La búsqueda desesperada

(En memoria del uruguayo Miguel Lancieri Lomazzi)

(Escrito por una de sus hijos, Gisela)

Las agujas del reloj marcaban cerca de las dos de la tarde, un día de verano del mes de febrero, allá por el año 1988. Un calor húmedo y fuerte golpeaba el asfalto de las calles vacías de la ciudad uruguaya de Paysandú;  propio del horario de la siesta de toda ciudad del interior.

Miguel llegó a la casa de sus padres, donde su esposa y sus tres hijos lo esperaban;  alegre y ansioso como un niño -con esa energía que lo caracterizaba- e incentivó, a todos los presentes (hijos, sobrinos, amigos de amigos), a subirse al auto, con baldes de agua, bombitas y todo lo que podía servir de “arsenal”, para comenzar un verdadero día de carnaval.

Así fue como lo seguimos.

Todos lo hicieron, como era común en él, con su enorme sonrisa y alegría, capaz de convencer a todos. Contentos, pero sigilosos, llegamos unas cuadras más abajo. Ahí, al parecer, era el punto de encuentro. Pero no había nadie. Tal vez nos habíamos equivocado de lugar. En un segundo, como si nos hubiesen armado una emboscada aparecieron, gritando y riendo, niños, mujeres, abuelas y abuelos, con ollas y baldes con agua, bombitas enormes…y  comenzó una hermosa y divertida tarde de carnaval!

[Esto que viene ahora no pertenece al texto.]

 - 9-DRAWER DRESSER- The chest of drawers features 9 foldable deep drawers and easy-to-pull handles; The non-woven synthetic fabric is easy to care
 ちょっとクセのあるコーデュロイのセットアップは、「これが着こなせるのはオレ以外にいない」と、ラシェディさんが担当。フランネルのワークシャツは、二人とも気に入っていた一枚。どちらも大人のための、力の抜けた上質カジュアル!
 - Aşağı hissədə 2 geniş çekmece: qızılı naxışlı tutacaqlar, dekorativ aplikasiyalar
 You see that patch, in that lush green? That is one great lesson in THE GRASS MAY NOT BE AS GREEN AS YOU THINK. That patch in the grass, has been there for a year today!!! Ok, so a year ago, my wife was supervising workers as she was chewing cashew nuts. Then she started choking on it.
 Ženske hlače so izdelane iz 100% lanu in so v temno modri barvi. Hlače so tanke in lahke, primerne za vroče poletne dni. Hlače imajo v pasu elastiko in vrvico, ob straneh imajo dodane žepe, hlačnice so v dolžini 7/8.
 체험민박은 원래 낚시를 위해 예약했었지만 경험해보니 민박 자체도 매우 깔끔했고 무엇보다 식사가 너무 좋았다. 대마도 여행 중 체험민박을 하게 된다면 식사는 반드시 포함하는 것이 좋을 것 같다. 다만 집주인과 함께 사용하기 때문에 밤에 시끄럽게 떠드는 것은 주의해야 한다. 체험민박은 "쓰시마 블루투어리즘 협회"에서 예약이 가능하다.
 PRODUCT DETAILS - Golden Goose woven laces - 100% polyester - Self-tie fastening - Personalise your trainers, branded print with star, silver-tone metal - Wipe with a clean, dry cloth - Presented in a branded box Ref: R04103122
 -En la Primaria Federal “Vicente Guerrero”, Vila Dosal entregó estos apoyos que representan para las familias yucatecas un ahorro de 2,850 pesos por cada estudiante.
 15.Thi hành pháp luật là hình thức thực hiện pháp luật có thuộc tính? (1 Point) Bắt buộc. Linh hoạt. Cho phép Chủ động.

Así era Miguel, vital y  alegre con las simples cosas de la vida. Un hombre que,  a los 26 años, buscando un destino, dejó aquella ciudad que lo vio crecer y partió, junto a su reciente esposa, Nelly, y la familia de ésta, a la enorme ciudad de Buenos Aires, soñando con, algún día, brindar  a sus hijos un buen porvenir.

 

En 1975 nació Maximiliano, el primogénito varón. A los tres años las mellizas, Yanina y Gisela, sus “mellicitas”, y,  diez años más tarde, llegó a sus vidas Juan Mauro, “Maurito”, el bebe mimado de la familia entera; su debilidad.

Corrían los primeros meses del año 1992 y Miguel Ángel,  con sus esplendidos  45 años,  estaba lleno de proyectos. Ese verano no pudo ir, como le gustaba, a las playas de la costa uruguaya. Punta del Diablo y la Fortaleza de Santa Teresa quedarían para el próximo año.

 

Vendió el auto y se quedó con la camioneta,  que compartía con Fabián, su socio. La  utilizaban para colocar equipos de aire acondicionado. Un gran proyecto laboral, en su querido Paysandú, estaba en pleno crecimiento. Esa camioneta  que,  el 17 de marzo de 1992,  Miguel decidió no manejar porque una fuerte gripe, que lo había tenido en cama la semana anterior, aún lo mantenía débil. Así fue, como, a diferencia de otros días, bajó las herramientas en  la puerta del edificio de Arroyo y Suipacha, lindero a la Embajada de Israel.

Allí, a las 14:45 horas –según había marcado en su agenda-  lo  esperaba un cliente.

 

Aún no sabemos si llegó a tocar el timbre o  si alguien le  contestó.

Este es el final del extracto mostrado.